What to work on: Your copy should match the listing word for word, apart from the pictures, which are left out.

Task data:
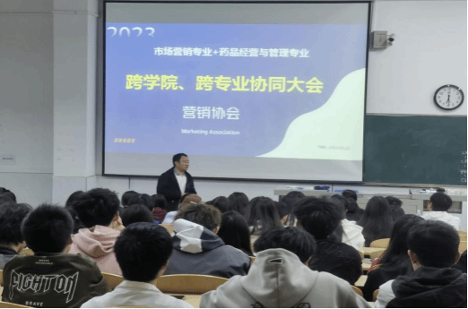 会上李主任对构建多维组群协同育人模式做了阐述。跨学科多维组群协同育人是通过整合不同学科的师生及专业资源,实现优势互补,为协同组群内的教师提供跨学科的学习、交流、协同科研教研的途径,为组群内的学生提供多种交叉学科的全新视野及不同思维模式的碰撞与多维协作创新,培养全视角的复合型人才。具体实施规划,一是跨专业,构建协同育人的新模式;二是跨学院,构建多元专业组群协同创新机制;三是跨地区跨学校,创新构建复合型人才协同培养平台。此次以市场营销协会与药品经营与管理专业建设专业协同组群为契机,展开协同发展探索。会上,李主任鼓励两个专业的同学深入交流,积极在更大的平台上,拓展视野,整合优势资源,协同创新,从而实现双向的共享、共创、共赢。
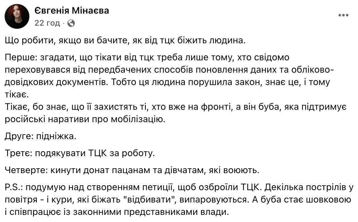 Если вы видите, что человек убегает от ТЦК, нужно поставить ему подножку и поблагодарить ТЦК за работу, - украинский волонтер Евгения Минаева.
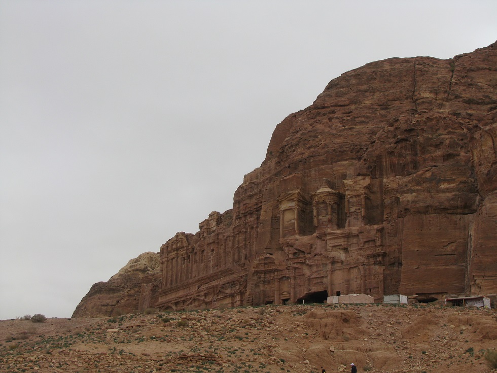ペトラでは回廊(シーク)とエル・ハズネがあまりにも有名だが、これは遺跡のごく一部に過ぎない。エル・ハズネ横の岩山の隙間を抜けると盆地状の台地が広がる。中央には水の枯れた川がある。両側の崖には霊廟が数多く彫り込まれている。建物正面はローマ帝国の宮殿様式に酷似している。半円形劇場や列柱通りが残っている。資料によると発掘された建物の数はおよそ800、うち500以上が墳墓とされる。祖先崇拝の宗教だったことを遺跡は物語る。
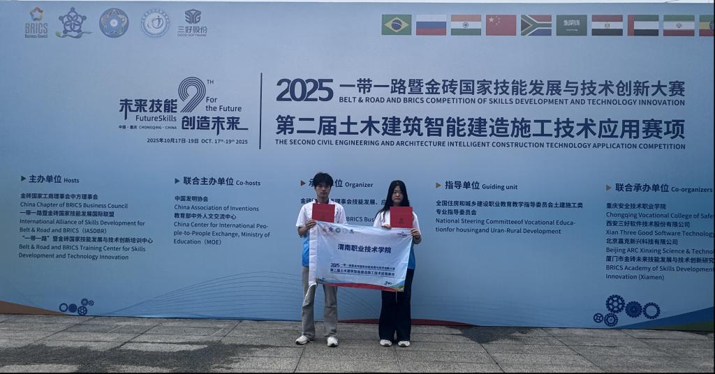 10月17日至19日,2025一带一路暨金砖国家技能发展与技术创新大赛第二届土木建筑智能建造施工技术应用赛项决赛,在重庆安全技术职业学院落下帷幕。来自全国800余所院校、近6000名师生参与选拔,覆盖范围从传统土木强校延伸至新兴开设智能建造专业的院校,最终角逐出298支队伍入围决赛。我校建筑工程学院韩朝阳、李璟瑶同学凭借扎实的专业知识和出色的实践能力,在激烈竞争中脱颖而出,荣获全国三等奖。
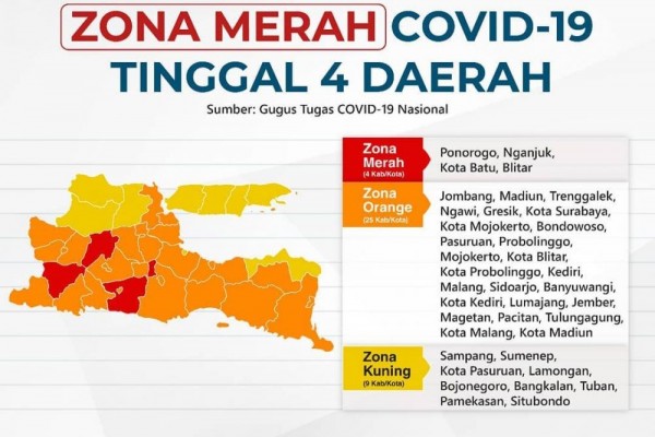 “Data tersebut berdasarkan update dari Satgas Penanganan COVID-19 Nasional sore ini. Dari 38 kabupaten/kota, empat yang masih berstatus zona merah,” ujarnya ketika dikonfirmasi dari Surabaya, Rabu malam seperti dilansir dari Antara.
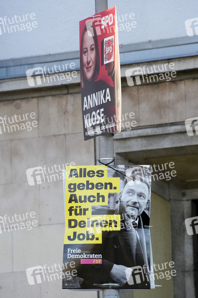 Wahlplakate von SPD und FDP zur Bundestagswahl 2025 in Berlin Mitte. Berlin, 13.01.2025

Reply to the exercise:
 会上李主任对构建多维组群协同育人模式做了阐述。跨学科多维组群协同育人是通过整合不同学科的师生及专业资源,实现优势互补,为协同组群内的教师提供跨学科的学习、交流、协同科研教研的途径,为组群内的学生提供多种交叉学科的全新视野及不同思维模式的碰撞与多维协作创新,培养全视角的复合型人才。具体实施规划,一是跨专业,构建协同育人的新模式;二是跨学院,构建多元专业组群协同创新机制;三是跨地区跨学校,创新构建复合型人才协同培养平台。此次以市场营销协会与药品经营与管理专业建设专业协同组群为契机,展开协同发展探索。会上,李主任鼓励两个专业的同学深入交流,积极在更大的平台上,拓展视野,整合优势资源,协同创新,从而实现双向的共享、共创、共赢。
 Если вы видите, что человек убегает от ТЦК, нужно поставить ему подножку и поблагодарить ТЦК за работу, - украинский волонтер Евгения Минаева.
ペトラでは回廊(シーク)とエル・ハズネがあまりにも有名だが、これは遺跡のごく一部に過ぎない。エル・ハズネ横の岩山の隙間を抜けると盆地状の台地が広がる。中央には水の枯れた川がある。両側の崖には霊廟が数多く彫り込まれている。建物正面はローマ帝国の宮殿様式に酷似している。半円形劇場や列柱通りが残っている。資料によると発掘された建物の数はおよそ800、うち500以上が墳墓とされる。祖先崇拝の宗教だったことを遺跡は物語る。
 10月17日至19日,2025一带一路暨金砖国家技能发展与技术创新大赛第二届土木建筑智能建造施工技术应用赛项决赛,在重庆安全技术职业学院落下帷幕。来自全国800余所院校、近6000名师生参与选拔,覆盖范围从传统土木强校延伸至新兴开设智能建造专业的院校,最终角逐出298支队伍入围决赛。我校建筑工程学院韩朝阳、李璟瑶同学凭借扎实的专业知识和出色的实践能力,在激烈竞争中脱颖而出,荣获全国三等奖。
 “Data tersebut berdasarkan update dari Satgas Penanganan COVID-19 Nasional sore ini. Dari 38 kabupaten/kota, empat yang masih berstatus zona merah,” ujarnya ketika dikonfirmasi dari Surabaya, Rabu malam seperti dilansir dari Antara.
 Wahlplakate von SPD und FDP zur Bundestagswahl 2025 in Berlin Mitte. Berlin, 13.01.2025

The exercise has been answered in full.